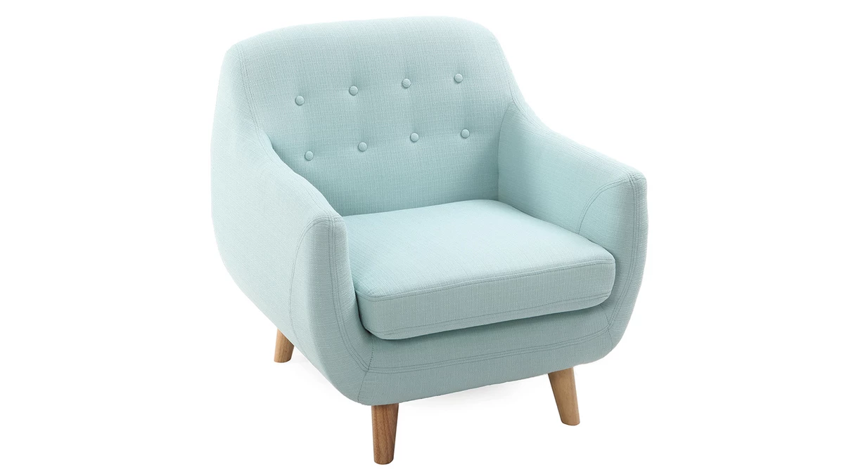 Formes arrondies et aériennes, revêtement en tissu, dossier capitonné, piètement en bois clair, ce fauteuil bénéficie d’un ensemble de caractéristiques qui s’harmonisent parfaitement bien.
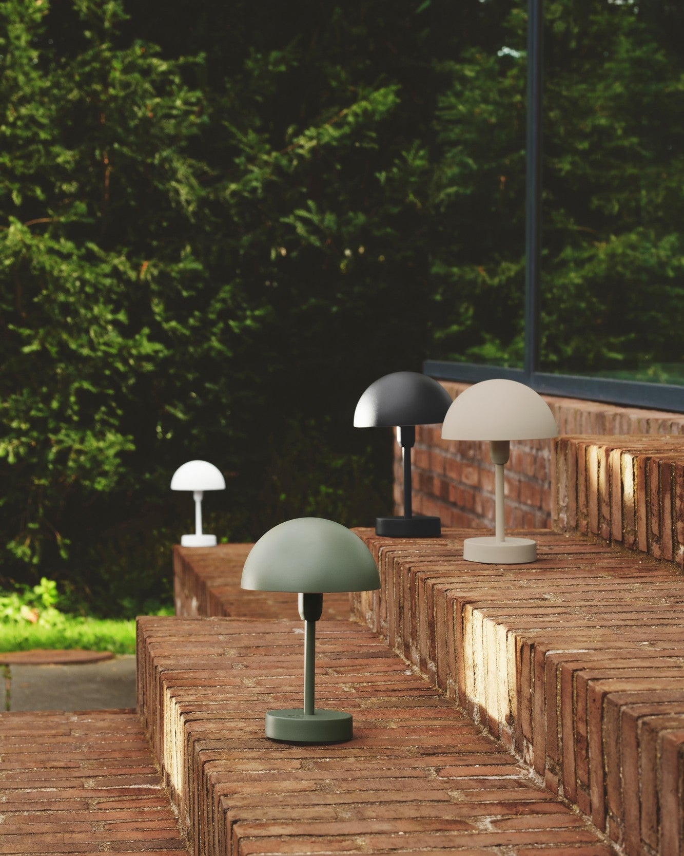Set of modern table lamps on a wooden deck with greenery in the background
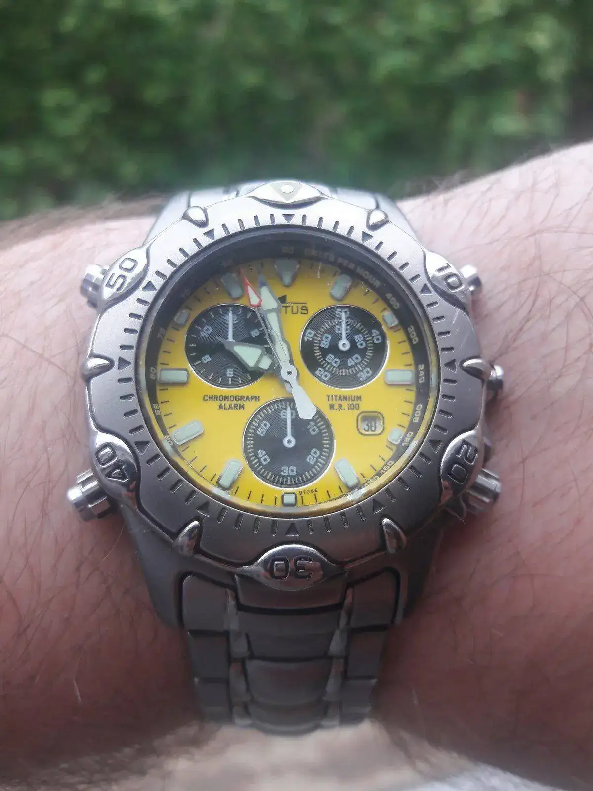 Hola camaradas. Lotus all titanium 9704 con miyota 3s10 y esfera amarilla.
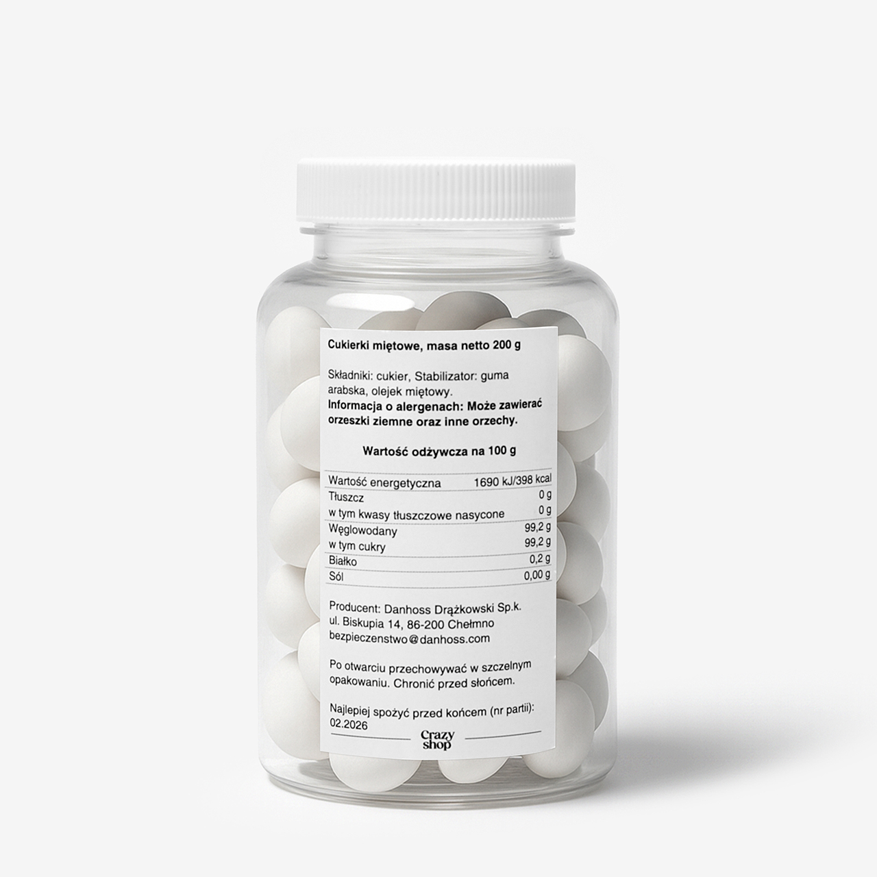 Składniki: cukier, stabilizator: guma arabska, olejek miętowy
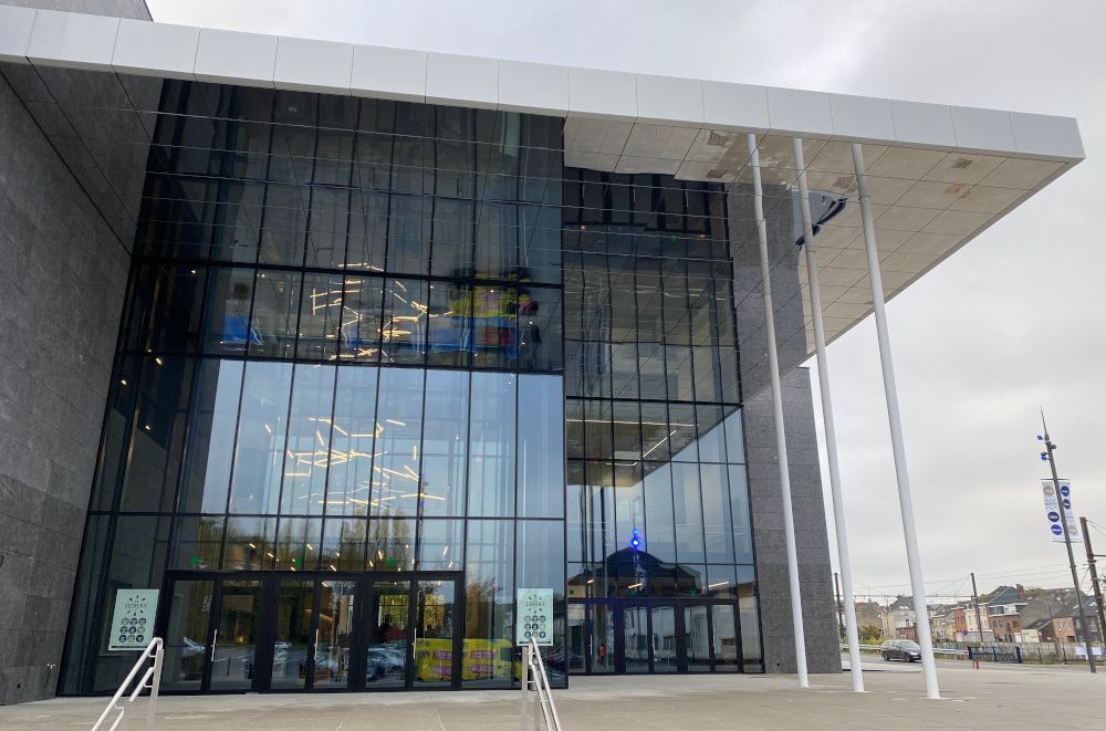 Cette plurifonctionnalité du lieu a également nécessité une étude poussée des circulations des visiteurs et des utilisateurs multiples. Il fallait assurer une accessibilité fluide et autonome à tous les lieux et à toutes les heures, certains fonctionnant quand d’autres sont fermés. La vaste esplanade, qui constitue également un espace culturel potentiel à ciel ouvert, fait office de point de rayonnement vers les différents espaces. Elle conduit le visiteur vers une façade vitrée surmontée d’un ample auvent vers lequel on converge naturellement. Cet effet d’attraction est renforcé par la transparence de cette façade qui contraste avec l’opacité des autres volumes, mais aussi par la continuité du revêtement de façade en pierre bleue identique pour l’intérieur et l’extérieur.
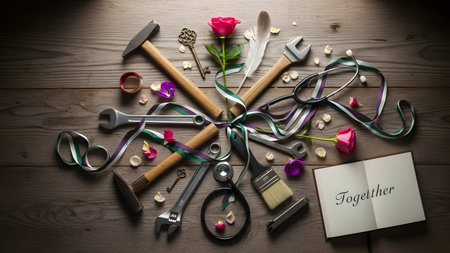 This beautiful still-life captures elegant wedding rings resting atop a row of pristine white roses, set against a rustic wooden backdrop, symbolizing love.
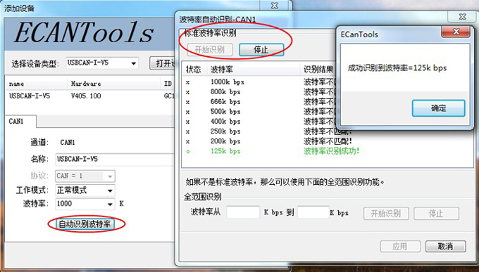 软件可以自动识别波特率,当用户在不知道总线波特率的时候,自动识别波特率功能会对用户有极大的帮助。识别波特率分为两种模式:标准波特率识别(通用波特率如1000K、800K、500K等)、全范围波特率识别(设置识别范围,全面匹配)总线分析功能
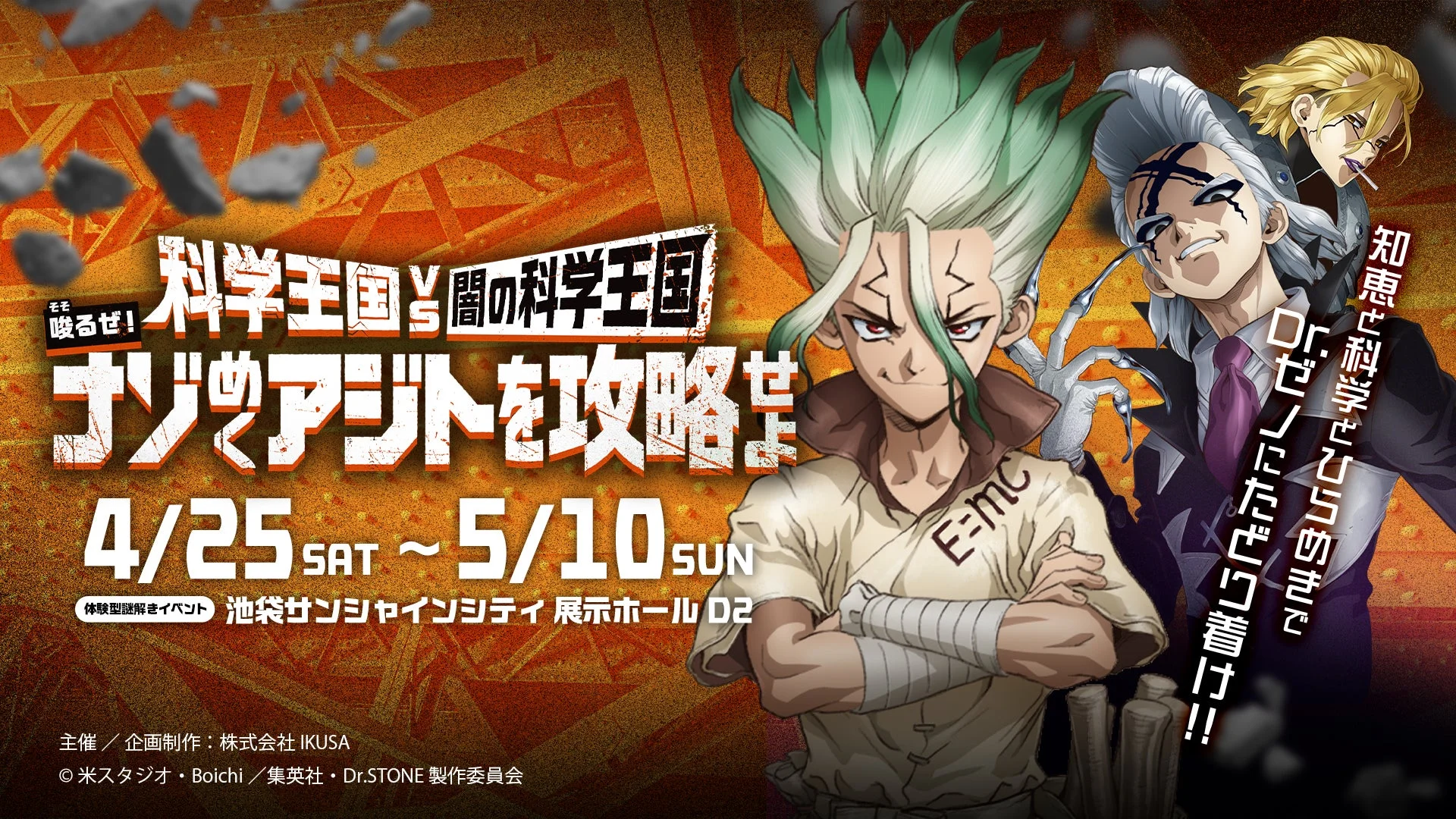 TVアニメ「Dr.STONE」とコラボした体験型謎解きイベント「科学王国 VS 闇の科学王国〜唆るぜ!ナゾめくアジトを攻略せよ〜」が、2026年4月から東京と大阪で順次スタートします!東京公演のチケットはもう販売中ですよ。
—————
Your answer should be the lines from the first record down to the line containing "Set of modern", restated exactly, with no pictures.

 Formes arrondies et aériennes, revêtement en tissu, dossier capitonné, piètement en bois clair, ce fauteuil bénéficie d’un ensemble de caractéristiques qui s’harmonisent parfaitement bien.
Set of modern table lamps on a wooden deck with greenery in the background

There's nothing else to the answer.